In De minerarum docimasia humida (1780)
In De minerarum docimasia humida (1780)
Back in De minerarum docimasia humida (1780) Bergman explained his processes for quantitative and qualitative evaluation of nutritional supplements by wet procedures. Reagents were used for qualitative evaluation, as in the case of mineral waters, except for qualitative investigation that he introduced a totally new process that shortly was generally embraced.
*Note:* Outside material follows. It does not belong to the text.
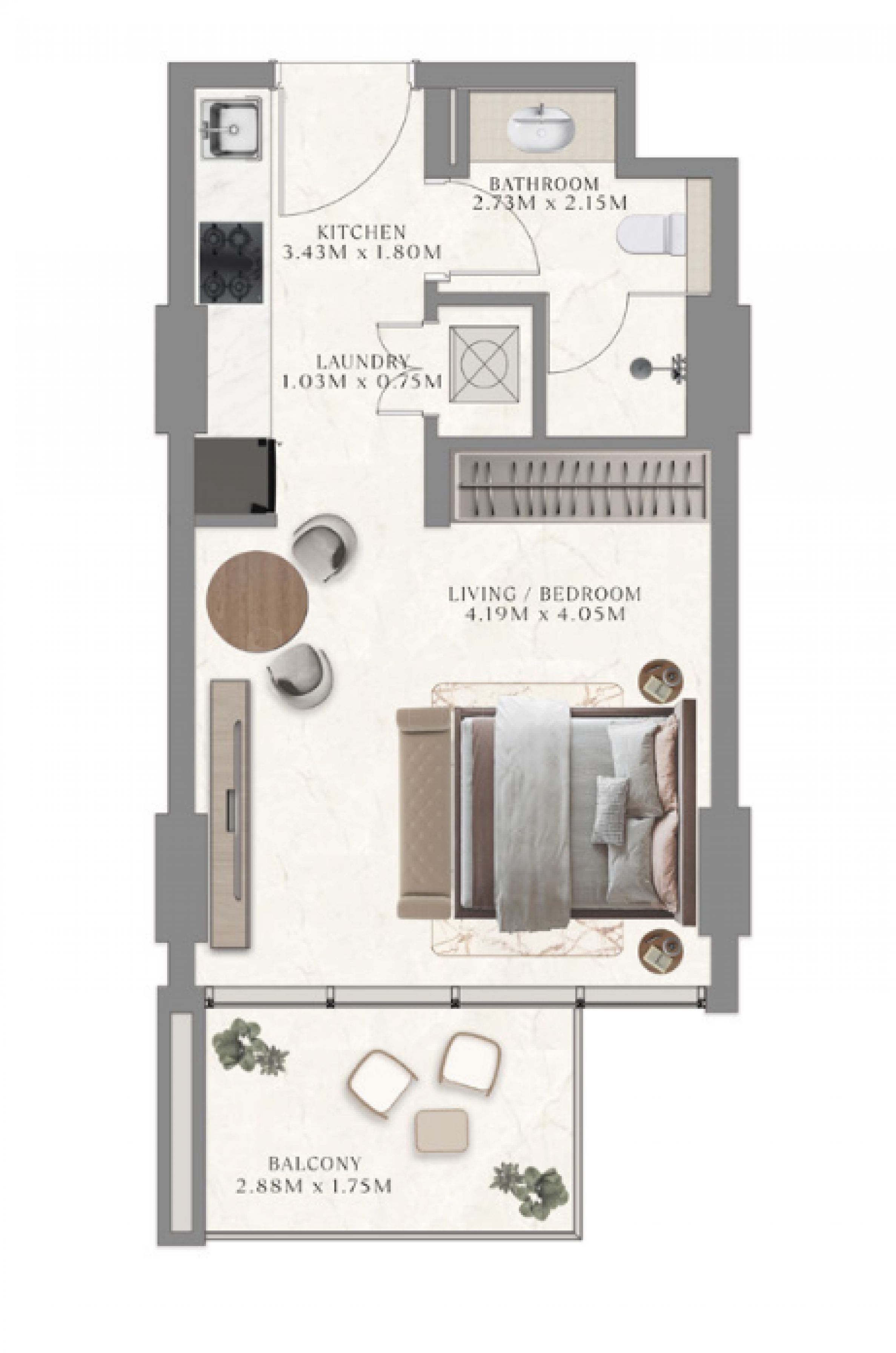 Комфортабельные студии и апартаменты в комплексе Inara by Imtiaz — современном здании в районе Dubai South.

Formerly it was customary to try to isolate the material being estimated (metal, ground, etc ) from the pure country, but Bergman precipitated it within an alkaline chemical of known composition, which had been filtered through a formerly weighed paper after which weighed after drying in the temperature of boiling water. It had been necessary to make certain the precipitate wasn't contaminated.
The method depended upon the innocence and insolubility of precipitates of famous composition. Bergman discussed these variables in a third treatise. Other chemists, especially R. Kirwan and C. F. Wenzel, acquired different results, but Bergman's prestige induced his characters to be generally accepted for several decades. Back in 1789 L. B. Guyton de Morveau demonstrated that Bergman's outcomes were inconsistent, and the majority of them were left (as were Kirwan's and Wenzel's), but his newest analytic approaches were of permanent price.
In De praecipitatis metallicis Bergman also believed the phenomena detected when metals dissolved in acids, also, as in other writings , he accepted the opinion that phlogiston was dropped from the metal. He embraced the phlogistic justification of combustion and calcination Proposed by C. W. Scheele: phlogiston in the combustible or alloy along with"fire air" (oxygen) to form warmth, a subtle substance that escaped throughout the boat. Bergman did, however, create a significant first contribution to the phlogiston theory in 1782, when he tried to gauge the comparative amounts of phlogiston in various metals by deciding the weight of a single metal which could precipitate another out of alternative. Therefore, from alternative in nitric oxide , 100 parts of silver have been precipitated by 135 of germ, 234 of direct, 31 of aluminum, etc; and those weights have been believed to contain exactly the identical quantity of phlogiston, for its response included just its own transfer. There were inconsistencies as a result of these consequences as incomplete precipitation along with the occasional growth of hydrogen, also it might be reading too much into those results to state that Bergman had grasped the notion of equivalents. This task is, nevertheless, significant as one of the very few efforts made to set the phlogiston theory on a qualitative basis.